Other uses. The membrane-stabilising effect of phenytoin has been used in cardiac arrhythmias and, rarely, in cases of resistant pain, e.g. trigeminal neuralgia.

Adverse effects of phenytoin, many of which can be very slow to develop, include impairment of cognitive function, which has led many physicians to prefer carbamazepine and valproate. Other nervous system effects range from sedation to delirium to acute cerebellar disorder to convulsions. Peripheral neuropathy also occurs. Cutaneous reactions include rashes (dose related), coarsening of facial features and hirsutism. Gum hyperplasia (due to inhibition of collagen catabolism) may develop and is more marked in children and when there is poor gum hygiene.

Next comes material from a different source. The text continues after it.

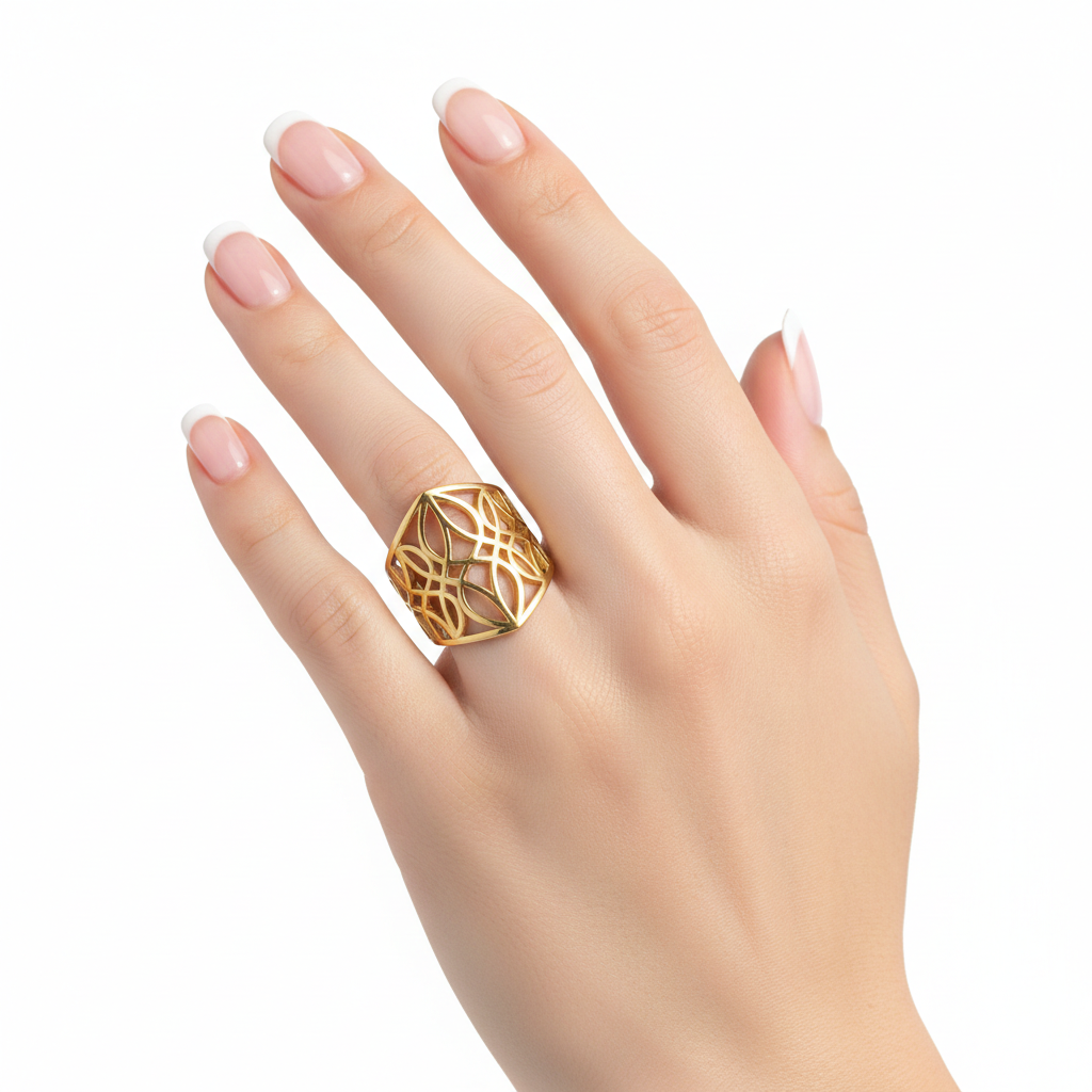 - Design: A bold, wide-band “lattice” or “cutout” motif. The pattern uses symmetrical, interlacing lines to create an airy yet substantial look, often referred to as a filigree-style geometric shield.
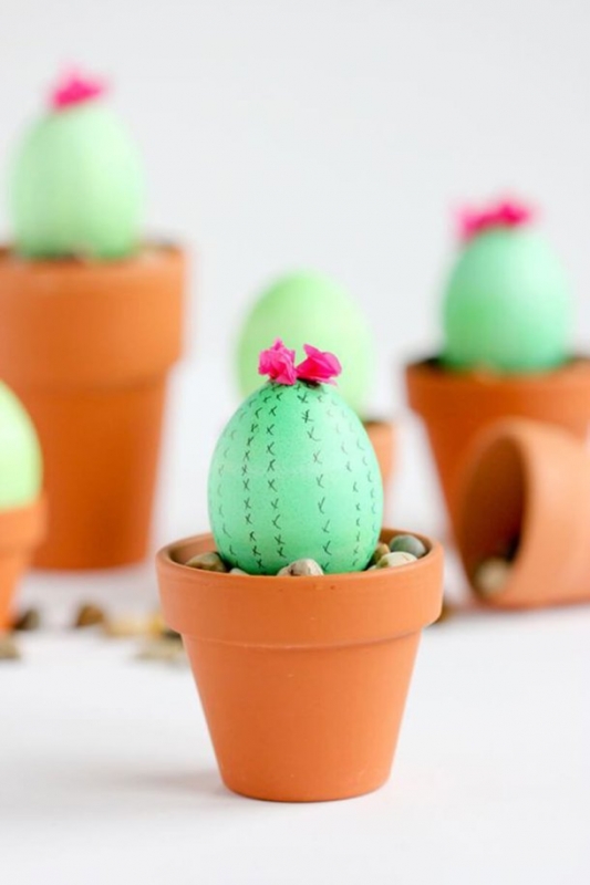 На Пасху даже привычные суккуленты и кактусы можно заменить вазонами, сделанными из выдутых яиц. Главное – раскрасить пустое яйцо под настоящий кактус и подобрать к нему маленькую емкость. Симпатичная поделка на Пасху, с которой справится даже дошкольник.

Other effects include Dupuytren's contracture and pseudolymphoma. Some degree of macrocyto-sis is common but anaemia probably occurs only when dietary folate is inadequate. This responds to folate supplement (the requirement for folate is increased, as it is a cofactor in some hydroxylation reactions that are accelerated by enzyme induction by phenytoin). Osteomalacia due to increased metabolism of vitamin D occurs after years of therapy.

Overdose (causing cerebellar symptoms and signs, coma, apnoea) is treated according to general principles. The patient may remain unconscious for a long time because of saturation kinetics, but will recover if respiration and circulation are sustained.

Fosphenytoin, a prodrug of phenytoin, is soluble in water, easier and safer to administer; its conver-tion in the blood to phenytoin is rapid and it may be used as an alternative to phenytoin for status epilepticus (Table 20.1).